1. Privatisation au Royaume-Uni. Une vingtaine de sociétés privées exploitent les chemins de fer, privatisés depuis 1994 à l’initiative des conservateurs. La maintenance du réseau est gérée par Network Rail, société privée mais dont l’État est actionnaire. Selon une étude citée par le Financial Times fin janvier, les prix des billets ont bondi de 25 % (hors inflation) depuis 1995 et sont en moyenne 30 % supérieurs à ceux en France. Cette privatisation fait souvent figure de repoussoir à l’échelle européenne, et suscite de vives polémiques à chaque accident mortel, tel celui de Hatfield, près de Londres, en octobre 2000 (quatre morts). Côté infrastructures, le pays est très en retard sur les lignes à grande vitesse : il n’a pour l’instant que le tronçon emprunté par Eurostar entre Londres et le tunnel sous la Manche. 2. Concurrence en Italie. L’Italie a été le premier pays européen, et le seul à ce jour, à ouvrir le réseau ferroviaire à grande vitesse à la concurrence avec l’entrée de NTV-Italo en 2012. Cela a fait beaucoup baisser le prix des billets : de 40 % environ entre 2011 à 2017, selon Tra Consulting. La grande vitesse représente un quart du trafic ferroviaire en Italie. La compagnie nationale est Trenitalia, appartenant au groupe FS (Ferrovie dello Stato, société anonyme dont le capital est détenu en totalité par l’État). FS se porte bien : il a enregistré un bénéfice net record de 772 millions d’euros en 2016, en hausse de 66 %. Dans son nouveau plan stratégique, le groupe public prévoit 94 milliards d’investissement sur dix ans, dont 73 milliards sur les infrastructures. Il compte actuellement 71.581 employés. 3. Système « intégré » en Allemagne.

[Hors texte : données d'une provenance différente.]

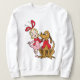 A bright, cheerful cartoon illustration of Cindy Lou Who and Max, characters from the world of Dr. Seuss. Cindy Lou Who, a blonde girl wearing a pink dress, pink slippers, and a large red bow and scarf, is smiling and dancing alongside a brown dog, Max, who is also wearing a red scarf. Both characters are depicted in the iconic, simple, and expressive Dr. Seuss drawing style, set against a clean white background. The image evokes themes of friendship, innocence, and the joy of the holidays.
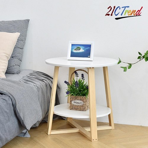 21세기트랜드 원형 2단 다용도테이블 좌탁/티테이블, 화이트
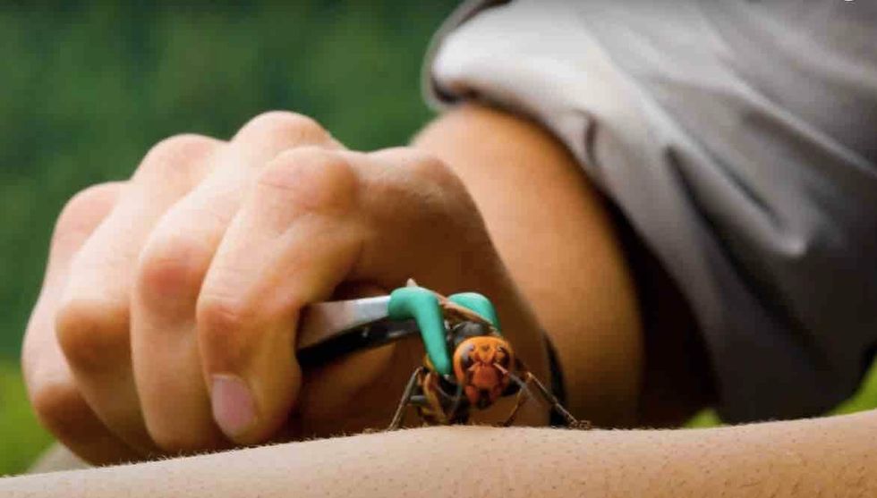 On the heels of news that the Asian "murder hornet" has been discovered in the United States for the first time, videos of an animal expert allowing a similar hornet sting him are lighting up the internet.

L’opérateur historique est Deutsche Bahn, société anonyme de droit privé entièrement détenue par l’État fédéral. L’Allemagne a choisi une solution dite « intégrée » : Deutsche Bahn transporte des marchandises et des passagers, mais se charge aussi du réseau ferroviaire. Le marché du chemin de fer est ouvert à la concurrence privée et la loi a transféré aux États régionaux la compétence pour les transports régionaux et urbains. Deutsche Bahn est régulièrement critiqué pour les retards fréquents et la vétusté des infrastructures.La compagnie emploie près de 320.000 personnes dans le monde, dont 196.000 en Allemagne. 12 % sont des fonctionnaires payés sur le budget de l’État fédéral. La compagnie a annoncé, cette semaine, qu’elle investira en 2018 quelque 9,3 milliards d’euros dans ses infrastructures ferroviaires, un effort record qui sera en grande partie supporté par l’État. 4. Tout pour la grande vitesse en Espagne. L’opérateur principal est la compagnie publique Renfe, mais il existe des déclinaisons régionales en Catalogne, au Pays Basque et à Valence. La libéralisation, qui ne concerne jusqu’ici que le transport de marchandises, ne fonctionne pas sans accrocs. En mai 2017, Renfe a par exemple été sanctionnée avec le groupe Deutshe Bahn pour avoir entravé la concurrence. Les salariés des chemins de fer en Espagne sont des fonctionnaires, dont le régime social est, en certains points, assez similaire à celui des cheminots français. L’Espagne a fait le choix de la grande vitesse. Elle dispose aujourd’hui de 3.240 kilomètres de voies permettant de circuler à plus de 200 km/heure, contre 476 kilomètres en 1992, un développement qui a englouti 51,7 milliards d’euros. Cette politique fait l’objet de critiques récurrentes, en particulier sur le sort du réseau secondaire, notamment de la part des Catalans.